Hi:
We’ve developed a product with video. There are 4 input signals connected to the TX2, every signal has a video format YUV422 8bits Packed UYVY. I use cuda to complete the colorspace transformation. But the access speed of memory which allocated by cudaMallocHost is so slow, I can’t fetch the result in time, final, the FPS can’t reach 60.
So, I tested the performance of those memory with codes below.
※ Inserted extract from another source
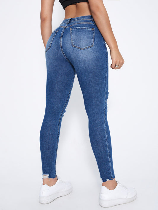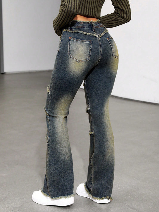 بنطلون جينز مدبب ممزق مهتري الحواف

void stdm_test(size_t cx, size_t cy, int times)
{
char* src;
char* dst;
const size_t sz = cx*cy*4;
src = new char[sz];
dst = new char[sz];
auto t1 = std::chrono::high_resolution_clock::now();
for (int i = 0; i < times; ++i) {
memcpy(dst, src, sz);
}
auto t2 = std::chrono::high_resolution_clock::now();
auto ts = std::chrono::duration<double>(t2 - t1).count();
printf("stdm takes:%f seconds, Avg speed:%8.3fM/s\n", ts, (double)sz*times/ts/1024/1024.);
delete[] src;
delete[] dst;
}
void cuda_test(size_t cx, size_t cy, int times)
{
char* src;
char* dst;
const size_t sz = cx*cy*4;
cudaHostAlloc((void**)&src, sz, cudaHostAllocMapped);
cudaHostAlloc((void**)&dst, sz, cudaHostAllocMapped);
auto t1 = std::chrono::high_resolution_clock::now();
for (int i = 0; i < times; ++i) {
memcpy(dst, src, sz);
}
auto t2 = std::chrono::high_resolution_clock::now();
auto ts = std::chrono::duration<double>(t2 - t1).count();
printf("cuda takes:%f seconds, Avg speed:%8.3fM/s\n", ts, (double)sz*times/ts/1024/1024.);
cudaFreeHost(src);
cudaFreeHost(dst);
}
On TX2, the result is:
stdm: 3783 M/s
cuda: 582 M/s
I did the same testing on my PC with Quadra P620, the result is:
stdm: 4556 M/s
cuda: 4601 M/s
Why? Could you give me some suggestions to improve my program please? Please give me a minute to introduce my program.
I create a thread to poll the video device(/dev/video0~N), when a frame was ready, the thread will copy the frame data to the buffer which was allocated by cudaMallocHost, then start the cuda-kernel to complete colorspace transformation(To RGBA), finally, the thread broadcast the result to it’s subscribers.
I created a sample subscriber for our customers to demonstrate the usage of our product. When the subscriber received a frame, I clone it and share the clone to the renderer thread. The procedure of clone is just a cudaMemcpy invocation, but this operation will take more than 16 milliseconds, it’s really bad.